Stored data
● ● ● ● ●

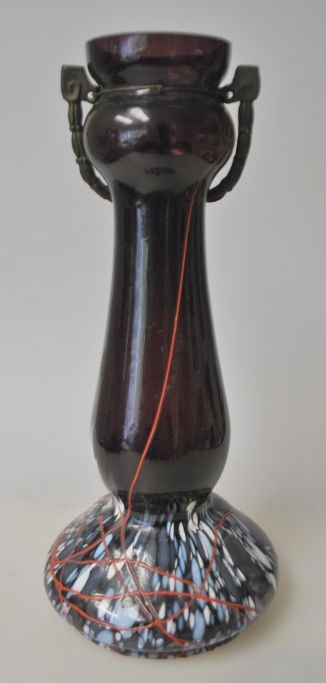 Jugendvase, ca. 1900, Deutschland. Violettes Glas mit Sockel aus weißem, blauem und grauem Glas. Oberhalb roten Glaslinie. Oben mit Bronzedekor montiert. H.: 25,2 cm.
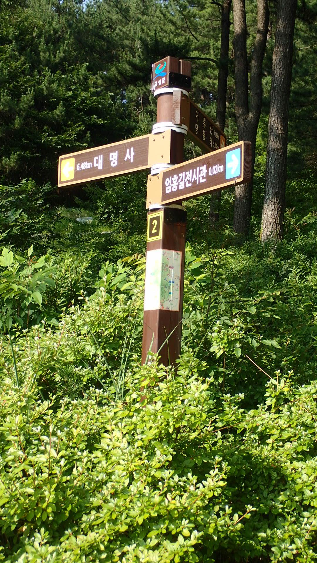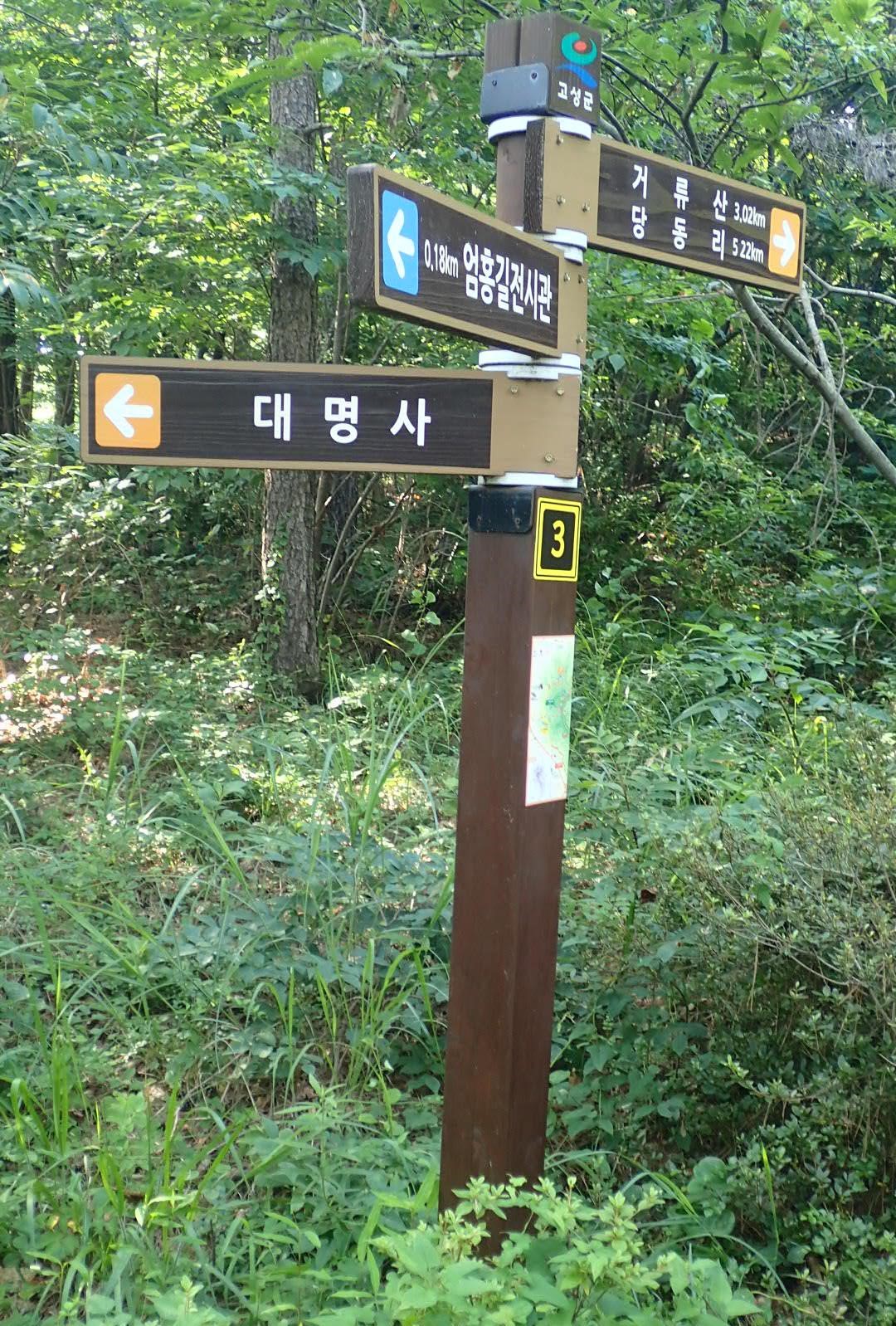 거류산 순환코스 NO.10 이정표(장의사 1.35km·거북바위 3.55km·
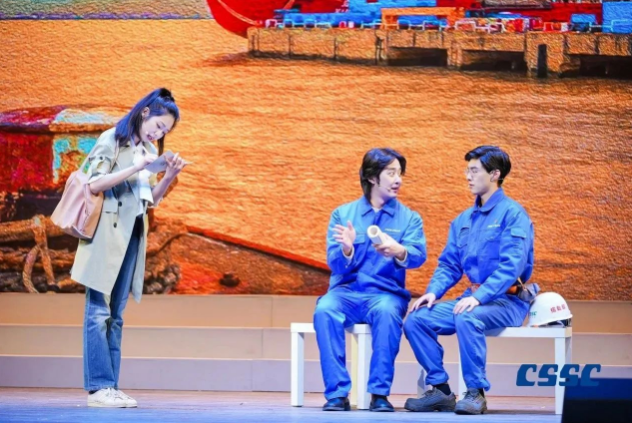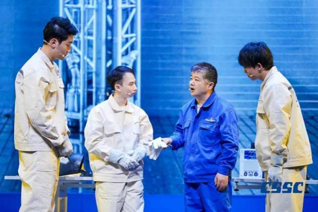 現(xiàn)場,來自中國船船集團(tuán)江南造船(集團(tuán))有限責(zé)任公司、滬東中華造船(集團(tuán))有限公司、上海外高橋造船有限公司、中船動力(集團(tuán))有限公司和中國船舶集團(tuán)公司第七〇二研究所的青年職工將真實(shí)工作案例與理論原文結(jié)合,將“發(fā)展新質(zhì)生產(chǎn)力”作為工作方向與指引,將他們的造船故事親身演繹。故事從《船舶青年說》起航,共講述了五大篇章,分別為江南造船如何延續(xù)百年初心、滬東中華造船LNG船毫厘鑄匠心、七〇二所從“蛟龍”號到“奮斗者”號將深潛進(jìn)行到底、外高橋造船“愛達(dá)?魔都號”大型郵輪“4個(gè)120天”的極限挑戰(zhàn)、江南造船“鋼鐵心臟”工程師攻克大型作戰(zhàn)艦建造的不凡創(chuàng)新路,臺詞鏗鏘有力、情感真摯流淌,繪就了一幅精彩的中國船舶夢畫卷。

● ● ● ● ●

Find the line that contains "거류산 순환코스 NO.10 이정표(장의사 1.35km·거북바위 3.55km·". Copy it and every line after it through the end of the listing exactly, but not the pictures.

Reply to the exercise
 거류산 순환코스 NO.10 이정표(장의사 1.35km·거북바위 3.55km·
 現(xiàn)場,來自中國船船集團(tuán)江南造船(集團(tuán))有限責(zé)任公司、滬東中華造船(集團(tuán))有限公司、上海外高橋造船有限公司、中船動力(集團(tuán))有限公司和中國船舶集團(tuán)公司第七〇二研究所的青年職工將真實(shí)工作案例與理論原文結(jié)合,將“發(fā)展新質(zhì)生產(chǎn)力”作為工作方向與指引,將他們的造船故事親身演繹。故事從《船舶青年說》起航,共講述了五大篇章,分別為江南造船如何延續(xù)百年初心、滬東中華造船LNG船毫厘鑄匠心、七〇二所從“蛟龍”號到“奮斗者”號將深潛進(jìn)行到底、外高橋造船“愛達(dá)?魔都號”大型郵輪“4個(gè)120天”的極限挑戰(zhàn)、江南造船“鋼鐵心臟”工程師攻克大型作戰(zhàn)艦建造的不凡創(chuàng)新路,臺詞鏗鏘有力、情感真摯流淌,繪就了一幅精彩的中國船舶夢畫卷。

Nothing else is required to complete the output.